The anatomic connectivity of the cerebral cortex enables short-range and long-range communication between cortical neurons, and through regenerative feedback, can support spontaneous functional organization of synchronized neuronal firing at different timescales (Buzsaki, 2006; McCormick et al., 2003; Singer, 2013). At the neuronal population level, this spontaneously orchestrated activity generates oscillations of different frequencies, which can be measured noninvasively using MEG or electroencephalography (EEG) (Buzsaki et al., 2012). Resting recordings in healthy humans have revealed that the cortical maps of inter-regional correlations, computed based on amplitude time-courses of the neural oscillations (estimated by source-localized MEG/EEG in the 2–150 Hz frequency range) or BOLD signal fluctuations (assessed by fMRI), show an intriguing spatial correspondence between the signal modalities (Brookes et al., 2011; de Pasquale et al., 2010, de Pasquale et al., 2012; Deligianni et al., 2014; Hipp and Siegel, 2015; Mantini et al., 2007). Additionally, in resting scan studies, a temporal concordance has been observed between transient EEG states of quasi-stable scalp topographies (known as ‘microstates’ and presumed to mark peaks in oscillatory [1–40 Hz] amplitudes in non-identical networks of neural sources) and the BOLD signal changes in the classic functional networks detected by simultaneously acquired fMRI (Britz et al., 2010; Jann et al., 2010; Musso et al., 2010; Yuan et al., 2012). These evident parallels suggest that, albeit the imperfect understanding of the precise relationships between the fMRI and MEG/EEG recordings, the latter might offer a promising complementary tool to study the neurophysiological basis of the DMN synchrony dysfunction in AD.

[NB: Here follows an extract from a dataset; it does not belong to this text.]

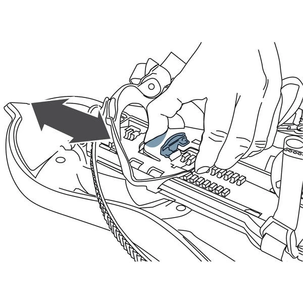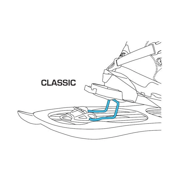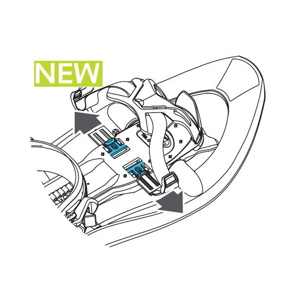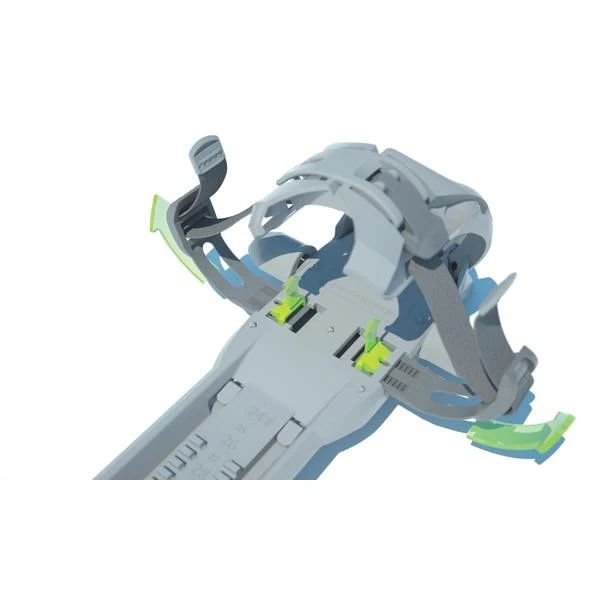 Joustava kansi, iskunvaimennus ja sauvalla käännettävä kantapääkorotus mäkiosuuksia varten. Etusiteen leveys säädettävissä kengän leveyden mukaan.

A novel analytic approach based on a Hidden Markov Model (HMM) affords a high temporal resolution method for discerning spatiotemporal patterns in fluctuating amplitudes of the electrophysiological oscillations. The Markov Model has been shown to adequately describe sequential transitions between EEG microstates (Wackermann et al., 1993). Furthermore, a recent study applied this methodology to the MEG-based estimates of cortical oscillations (4–30 Hz) during a resting scan in healthy participants to demonstrate that the HMM can independently infer a series of discrete states of neural synchrony with spatial topographies similar to the known large-scale functional networks (Baker et al., 2014). The derived states were characterized by coordinated changes in the amplitude of neural oscillations in brain regions overlapping the DMN, the dorsal attention network (DAN), the visual network (VisN), the sensorimotor network (SMN), and several other large-scale networks. Remarkably, these states tended to be very short-lived (100–200 ms long), coming in rapid succession and frequently recurring over time. However, the state time-courses also exhibited longer timescale structure, with the occurrence rates of different states varying on the timescale of several seconds. These slow rate fluctuations were comparable in frequency (<0.1 Hz) to the ultra-slow electrophysiological potentials that might reflect endogenous fluctuations of neural excitability within the functional networks (He et al., 2008; Pan et al., 2013). Previously, the ultra-slow electrophysiological potentials, as well as transient network activations, which appeared phase-locked to the ultra-slow waves, have been linked to spontaneous fMRI BOLD signal fluctuations (He et al., 2008; Matsui et al., 2016; Pan et al., 2013). It is an intriguing possibility that the rates of the rapid electrophysiological network states are influenced by the levels of cortical excitability, which could elucidate how and why the sequences of such fast events might correspond to slow BOLD signal fluctuations.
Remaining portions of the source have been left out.